Step 1: Create a real-time synchronization node
Follow these steps to create a real-time synchronization node.
Go to the Workspaces page in the DataWorks console. In the top navigation bar, select a desired region. Find the desired workspace and choose in the Actions column.
Create a real-time synchronization node.
In the navigation pane on the left, click the
icon. In the directory tree, find Workspace Directories, click the
icon next to it, and choose to open the Create Node dialog box.In the Create Node dialog box, select a Synchronization Method. The available methods are as follows:
Sync task configuration type
Synchronization method
ETL Between Single Table (Topic) and Single Table (Topic)
Synchronization of Data Changes from Database to MaxCompute
Synchronization of Data Changes from Database to Hologres
Synchronization of Data Changes from Database to AnalyticDB for MySQL V3.0
Synchronization of Data Changes from Database to DataHub
Synchronization of Data Changes from Database to Kafka
In the Create Node dialog box, enter a name for the real-time synchronization node and click OK to proceed to the node configuration page.
Step 2: Configure the real-time sync task
The parameters that you need to configure for the real-time synchronization node depend on the synchronization method that you selected when you created the node.
Configure a real-time sync task for a single table
On the node configuration page, follow these steps to configure the input data source, data transformation, and output data source for a single-table real-time sync task:
Configure the input data source.
In the Input section on the left side of the node configuration page, drag the data source component to the canvas.

Click the input component to configure its parameters in the Node Configuration dialog box on the right.
The following input data source types are supported for single-table synchronization. For more information about the configuration of each data source type, see the linked topics.
(Optional) Configure data transformation.
In the Conversion section on the left, drag a transform component onto the canvas and connect it to the upstream component.

Click the transform component, and then configure its parameters in the Node Configuration dialog box on the right.

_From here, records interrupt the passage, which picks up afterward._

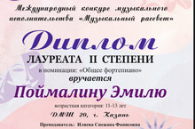 Поздравляем учащегося класа преп. Иляевой С.Ф. - Поймалин Э. - Лауреат II ст.
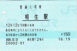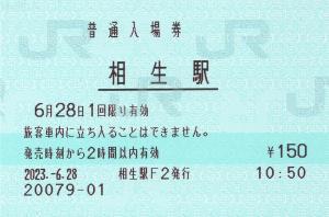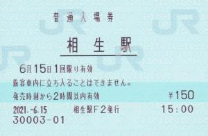 相生駅改札内、新幹線乗り換え改札付近のみどりの窓口にて発行の入場券です。
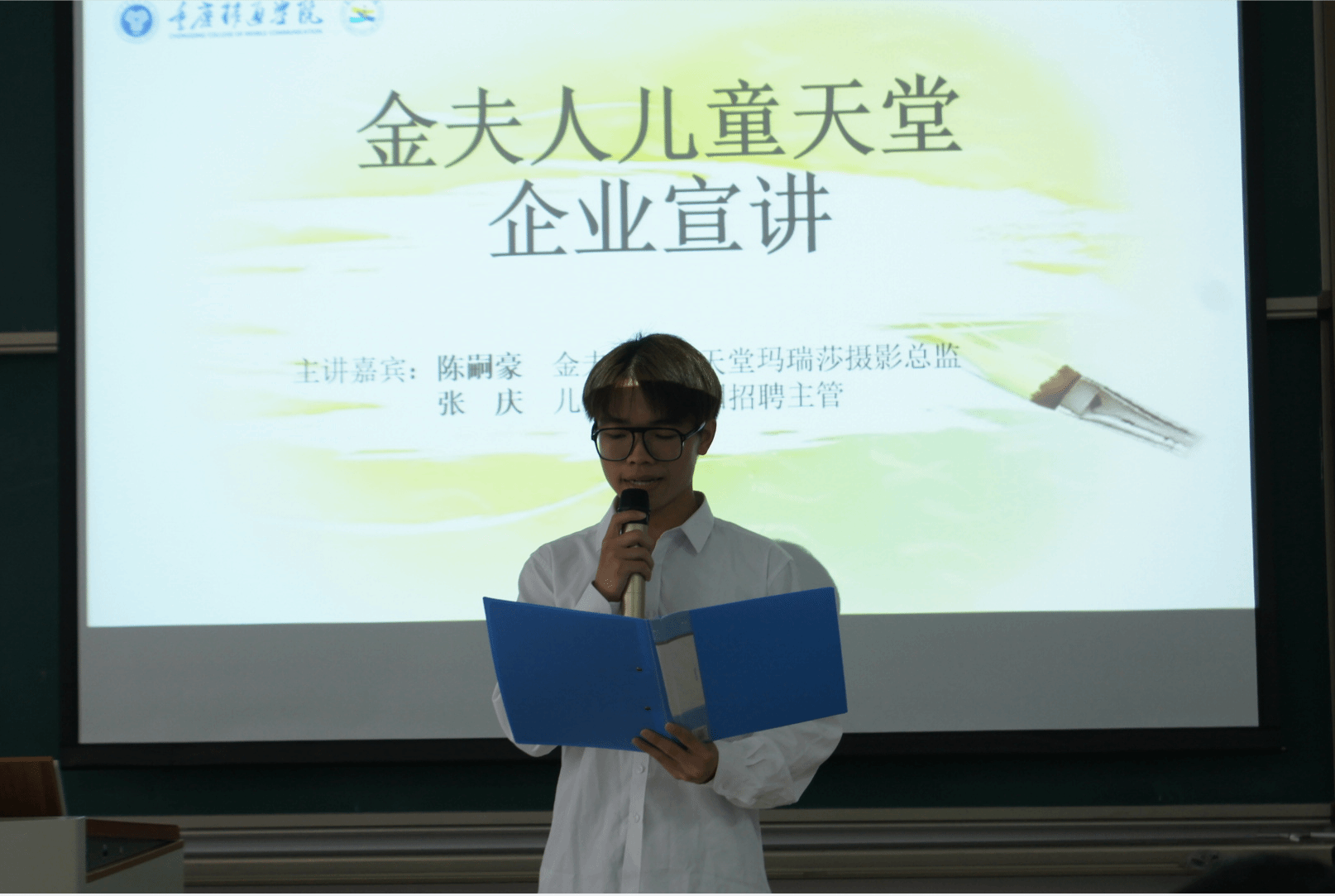 正值人间四月,2023年4月19日14:00,重庆移通学院艺术传媒学院举办了金夫人天堂儿童宣讲。这次活动有幸邀请金夫人儿童天堂玛瑞莎摄影总监陈嗣豪老师和儿童天堂校园招聘主管张庆老师同学们讲述怎么处理图片,以及拍照技巧背景的选取。本次活动参与人员共计180余人。
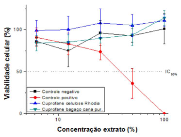 Os valores obtidos mostram que a porcentagem de íons Cu (II) retido nas membranas independe da fonte de celulose empregada. No entanto, a retenção destes íons depende do processo de deslignificação do material e do processamento das membranas. Em trabalhos anteriores, a alteração do processo de deslignificação dos resíduos agroindustriais, no qual se dobrou o tempo de refluxo com solução ácido nítrico/etanol, a fim de reduzir o teor de lignina e hemicelulose, levou a uma redução do teor de íons cobre (II) de 0,4468%7 para 0,3634%.8 No presente trabalho, o processo de deslignificação também foi modificado. São realizados três refluxos sucessivos com solução de ácido nítrico/etanol e, posteriormente, um tratamento com solução de NaOH 1 mol L-1. Essa alteração no procedimento reduziu ainda mais o teor de lignina residual em aproximadamente dez vezes. Quanto ao processamento das membranas, também ocorreram alterações. Removeu-se a etapa em meio alcalino, observada em trabalhos anteriores7,8 e aumentou-se o tempo no banho ácido, que contribui para a remoção dos íons cobre (II) da estrutura das membranas com maior eficiência. As modificações do método de deslignificação e do processamento das membranas levaram a uma diminuição acentuada no teor de íons cobre II em cerca de 15 vezes. Esses resultados mostram que a presença de lignina contribui para a retenção de íons cobre (II), o que ocorre devido ao complexo formado entre a macromolécula e o íon. Destaca-se que as membranas atuais apresentam valores de teor de íons cobre (II) apenas 2 vezes superior ao valor encontrado na literatura para membranas comerciais.9 Ensaios de citotoxicidade Nos ensaios de citotoxicidade as membranas foram colocadas diretamente em contato com uma cultura de células de mamíferos. Foram observadas alterações celulares por meio de diversos mecanismos, sendo que um deles consiste na incorporação de corantes vitais, como o realizado neste trabalho. O corante é solúvel em água e atravessa a membrana celular concentrando-se nos lisossomos. Danos causados à membrana celular devido à presença de substâncias tóxicas resultam na diminuição da adsorção do corante pela célula. Neste caso, células vivas podem ser distinguidas de células mortas pela intensidade da cor do meio de cultura.26,27 O resultado do ensaio de viabilidade celular em função da concentração do extrato produzido é observado na Figura 3.
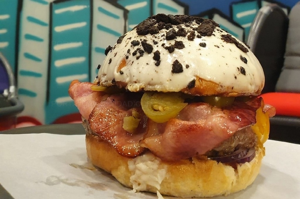200 grs. de Carne, Barbacoa, Cebolla Morada, Queso Cheddar, Queso Gouda, Jalapeños, Bacon y su mayor atracción: Pan cubierto de Chocolate Blanco y Galleta Oreo (Dulce, Ahumado y Picante, una mezcla alucinante)
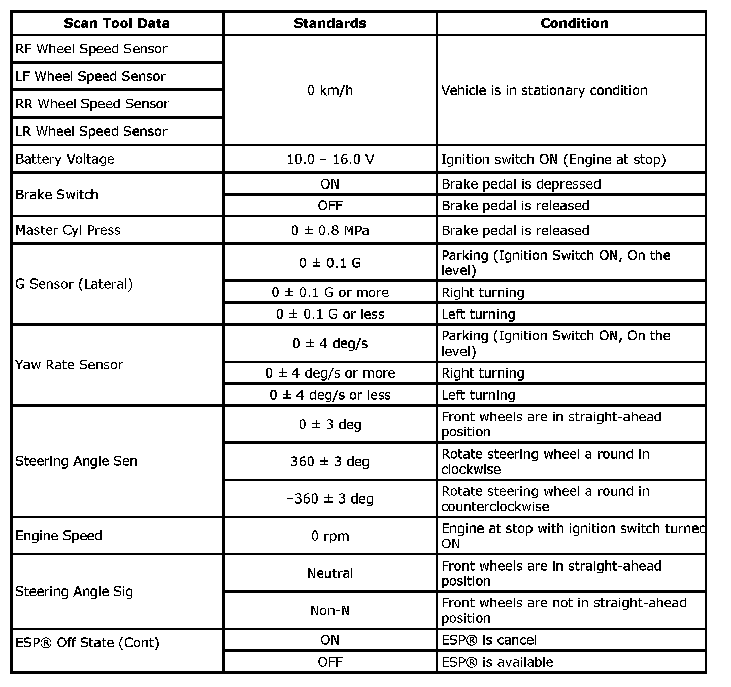 Scan Tool DataESP(R) Control Module
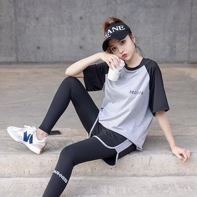 【人気商品】春夏 ヨガウェア上下セット レディース 半袖ショーツ トップス タンクトップ 運動ズボン ホット ジャージ ヨガパンツ レギンス 速乾 セットアップダイエットウェア
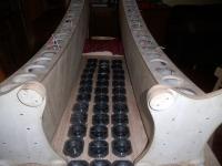 Heraus kam ein gekrümmter, auf den 2,92 m entfernen Hörplatz focussierter Zeilenstrahler mit jeweils 18 Peerles TC 9FD 18 08 (Stückpreis sagenhafte 14 €)
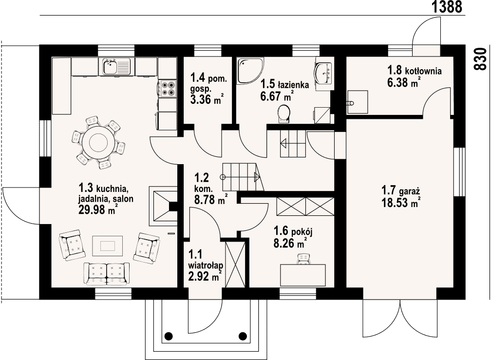 - 1.3 - kuchnia,jadalnia,salon29.98 m²
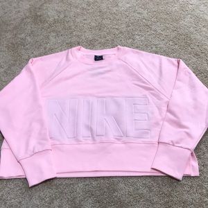 New! Nike size large women’s light pink terry training Cropped L/S Top / sweatshirt. The color is brighter in pics than the real one . The last pic shows the true color.
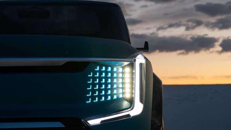 Η Kia λέει ότι η εξωτερική σχεδίαση με τις αιχμηρές άκρες εμπνέεται από τα σχήματα των κρυστάλλων και των βράχων. Ως είθισται στα ηλεκτρικά EV οχήματα, δεν χρειάζεται το άνοιγμα της παραδοσιακής μάσκα και στη θέση της υπάρχει μια ράβδος στο χρώμα του αμαξώματος, ενώ τα φώτα αποτελούνται από πολλά LED στοιχεία σε τετράγωνο σχήμα. Στις εξωτερικές άκρες τους δε, υπάρχουν κάθετα φώτα ημέρας. Στο πίσω μέρος συνεχίζεται το γωνιώδες σχήμα με τα πίσω φώτα σε σχήμα Υ να ξεχωρίζουν.
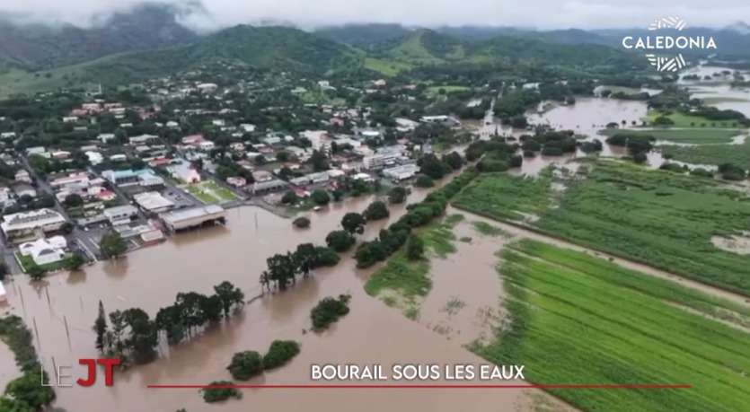 - LNC | Crée le 26.02.2026 à 08h45 | Mis à jour le 26.02.2026 à 08h46ImprimerÀ Bourail, la rivière est sortie de son lit et a inondé une bonne partie du village. Capture d'écran CaledoniaRetrouvez le journal télévisé de notre partenaire Caledonia sur notre site lnc.nc. Dans cette édition du mercredi 25 février : de nombreuses routes bloquées dans le centre de la Grande Terre en raison des intempéries, obligeant des communes à ouvrir des centres d’hébergement d’urgence ; première étape franchie pour le projet de loi constitutionnelle adopté au Sénat ; Virginie Ruffenach présente sa liste aux municipales à Nouméa ; meeting de Nina Julié, candidate au Mont-Dore ; et l’armée recrute à Koné.

The following transformation methods are supported for single-table synchronization. For more information about the configuration of each method, see the linked topics.
Data filtering: Filters data based on rules, such as field size. Only data that meets the specified rules is retained.
String replacement: Replaces the values of string fields.
Data masking: Masks data from a single table during real-time synchronization and stores the masked data in a specified database location.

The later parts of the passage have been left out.